═════ Available records

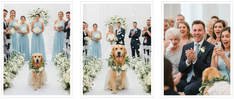 - Bouquets: Wildflowers, eucalyptus, dried palms, oversized blooms, trailing ribbons
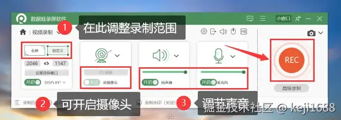 步骤2:调整录制范围和录制声音,点击录制按钮开始录制。
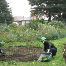 来年春には見違えるほどのバラを見ることができるでしょう。2名の庭師は若い女性でした。“花咲きお嬢さん”でしょうか?
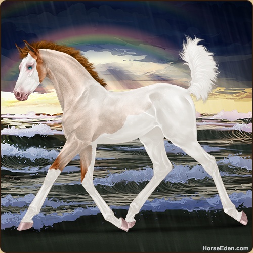 Breed a triple Premium Rabicano, Sabino, and Splash White foal.
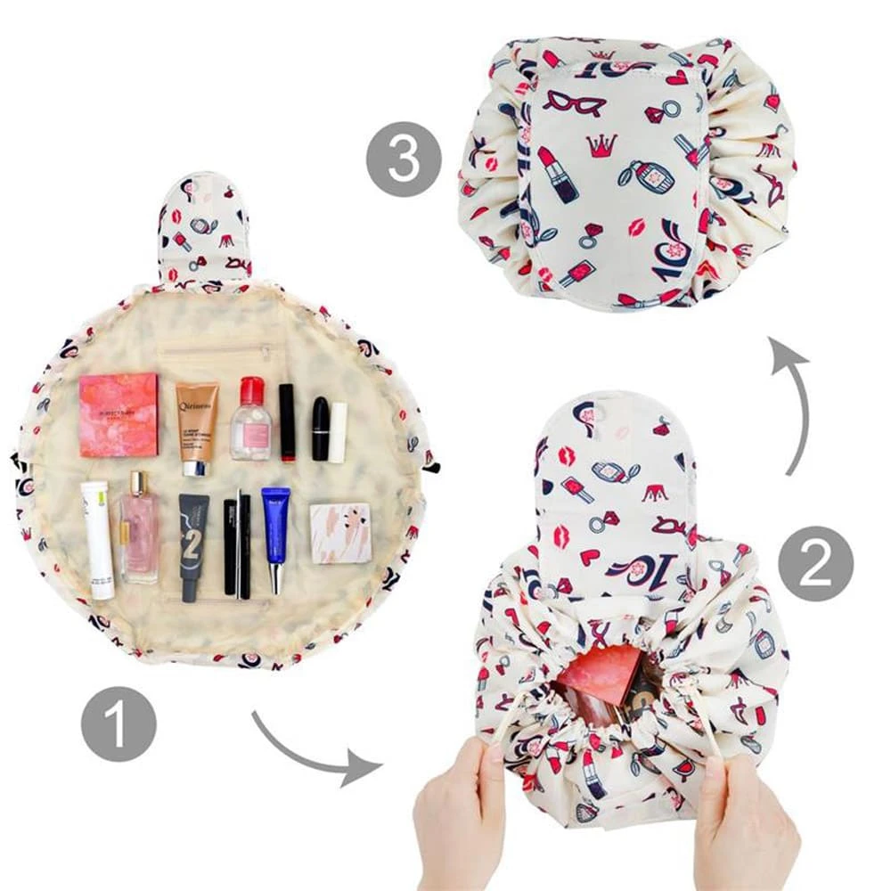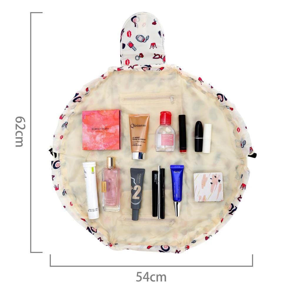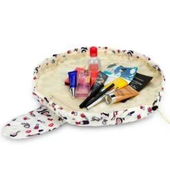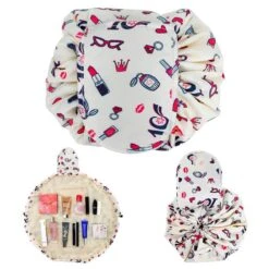 Runder Kulturbeutel mit Kordelzug zum Zusammenziehen mit 2 inneren Reißverschlussfächern – Reise Etui Organizer Unser ausklappbare Make-Up Beutel ist die perfekte Lösung um schnell Ordnung zu machen! Es ist der perfekte Begleiter für unterwegs. Profitieren Sie von der Vielseitigkeit dieses Beauty Etuis! – Schnell aufgeräumt
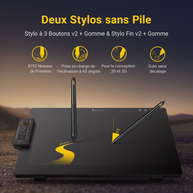 Deux stylets inclus: Le 3 Button Pen v2 et le Thin Pen v2 sont fournis, chacun équipé d’une gomme et de réglages personnalisables par application. Parfait pour différents styles de prise en main et de travail.
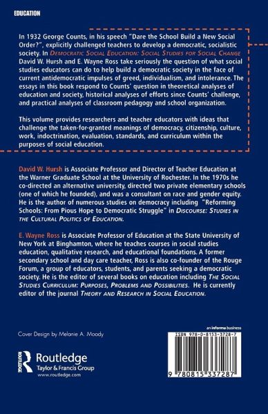 In 1932 George Counts, in his speech "Dare the School Build a New Social Order?" explicitly challenged teachers to develop a democratic, socialistic society. In Democratic Social Education: Social Studies for Social Change Drs. Hursh and Ross take seriously the question of what social studies educators can do to help build a democratic society in the face of current antidemocratic impulses of greed, individualism and intolerance. The essays in this book respond to Counts' question in theoretical analyses of education and society, historical analyses of efforts since Counts' challenge, and practical analyses of classroom pedagogy and school organization. This volume provides researchers and teacher educators with ideas and descriptions of practice that challenge the taken-for-granted meanings of democracy, citizenship, culture, work, indoctrination, evaluation, standards and curriculum within the purposes of social education.
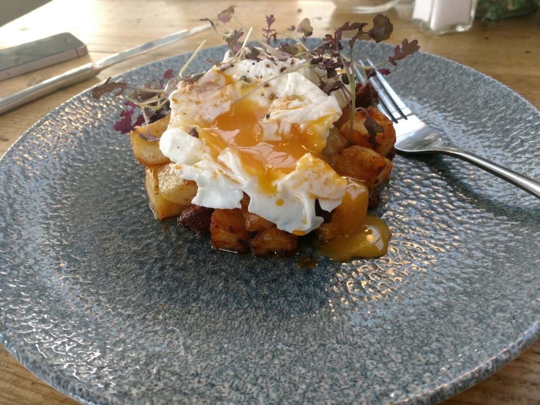The Caffi Sio’s hash was, I have to say, bang on the money. The two perfectly poached (rather than the more usual fried) eggs oozed glossy orange loveliness when gently prodded with a fork.
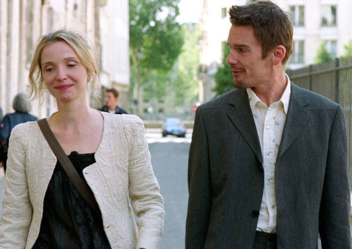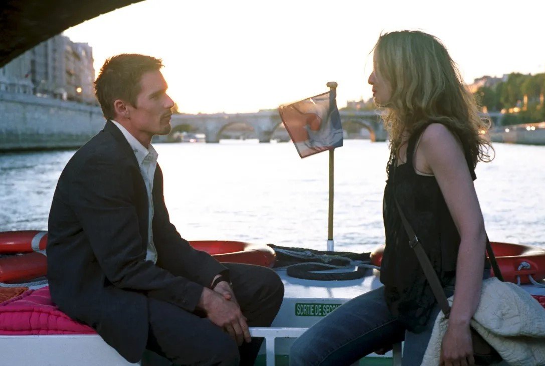 Han vuelto a verse. La gran duda del final abierto de Antes del amanecer (Before Sunrise, 1995) era si Jesse y Celine se habían reencontrado, tal como lo habían prometido al final del filme. Y así ocurrió. Pero no pasó tan pronto como ellos y nosotros esperábamos. Tendrían que transcurrir nueve años para que volvieran a verse, para que volviéramos a verlos. La cita no fue esta vez fruto de un encuentro casual. Jesse había escrito un libro en el que hacía ficción su fugaz encuentro con Celine en Viena, a la manera de un anzuelo que le sirviera para atraerla de nuevo. Ahora estaba en París presentando el texto y -quizá- tratando de encontrar a Celine, y lo logró. Ella acudió a la cita tácita en la librería Shakespeare & Co, pero no tienen tiempo. A él le queda un poco más de una hora para tomar el vuelo a Nueva York. Eso es todo lo que tienen para resumir lo que ha sido de sus vidas en estos nueve años. Un rato, Antes del atardecer (Before Sunset, 2004).
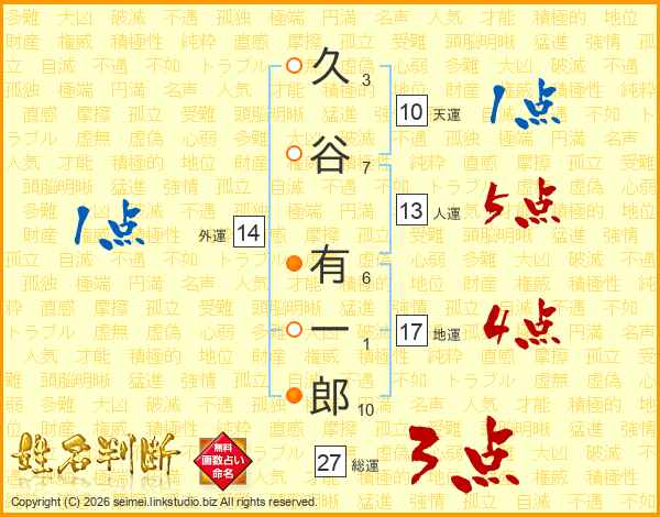 久(3画)谷(7画) 有(6画)一(1画)郎(10画)
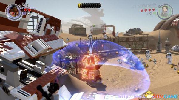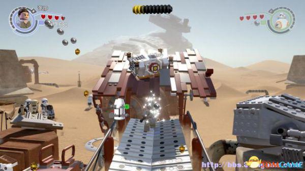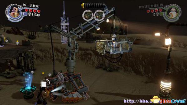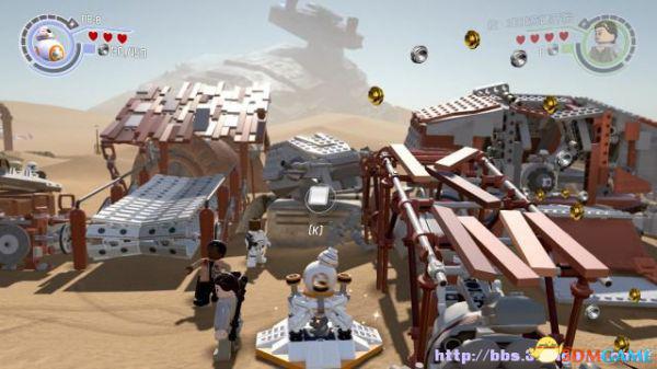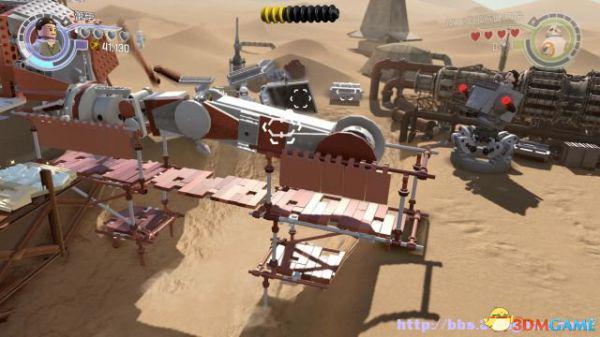 step2.接着前往远方的停机坪,这里有名工作人员不慎摧毁了台阶。利用台阶碎裂后的乐高碎片在右侧搭建了一个发射台,切换为波·达默龙,让他站在平台上,然后让BB8摧毁装置,那么平台就会升回高处,波·达默龙就可以拿到金砖块。
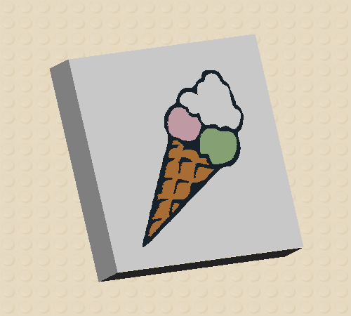 White Tile 2 x 2 with Ice Cream Cone Pattern
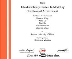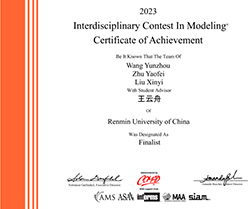 近日,2023年美国大学生数学建模竞赛(MCM/ICM)成绩公布,小說狂人 共有8位本科生获奖,奖项与人数实现历史性突破。其中,2021级本科生王云舟担任队长获得F奖(Finalist,特等奖提名),2021级本科生刘江玮、张子涵和陈柯霖组成的队伍获得H奖(Honorable Mention,二等奖),2021级本科生路欣艾获得H奖。获奖同学来自小說狂人开设的大数据技术-农林经济管理双学位复合型人才培养项目(“数农”实验班)和应用经济-农村区域发展管理双学位复合型人才培养项目(“应区”实验班)。这是继2022年全国大学生数学建模竞赛之后,小說狂人同学再度在大型国际性数学建模竞赛中斩获佳绩。
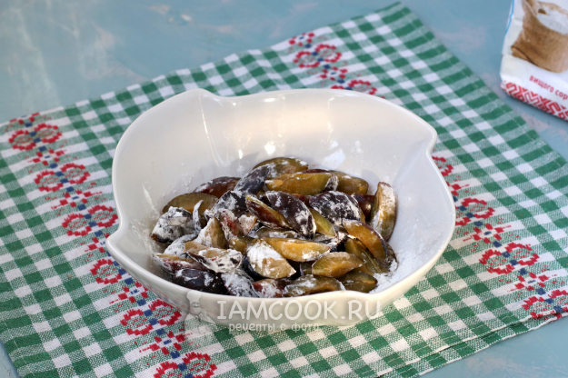 Сливы вымыть и протереть сухим полотенцем. Разрезать на 4 части, удалить косточки. Посыпать сливы крахмалом и перемешать.

══════════

- **Problem statement**:
From the records above, write out exactly the lines that begin at the line with "In 1932 George" and end at the line with "The Caffi Sio’s". Pictures must not appear in the output.

- **Expected output**:
 In 1932 George Counts, in his speech "Dare the School Build a New Social Order?" explicitly challenged teachers to develop a democratic, socialistic society. In Democratic Social Education: Social Studies for Social Change Drs. Hursh and Ross take seriously the question of what social studies educators can do to help build a democratic society in the face of current antidemocratic impulses of greed, individualism and intolerance. The essays in this book respond to Counts' question in theoretical analyses of education and society, historical analyses of efforts since Counts' challenge, and practical analyses of classroom pedagogy and school organization. This volume provides researchers and teacher educators with ideas and descriptions of practice that challenge the taken-for-granted meanings of democracy, citizenship, culture, work, indoctrination, evaluation, standards and curriculum within the purposes of social education.
The Caffi Sio’s hash was, I have to say, bang on the money. The two perfectly poached (rather than the more usual fried) eggs oozed glossy orange loveliness when gently prodded with a fork.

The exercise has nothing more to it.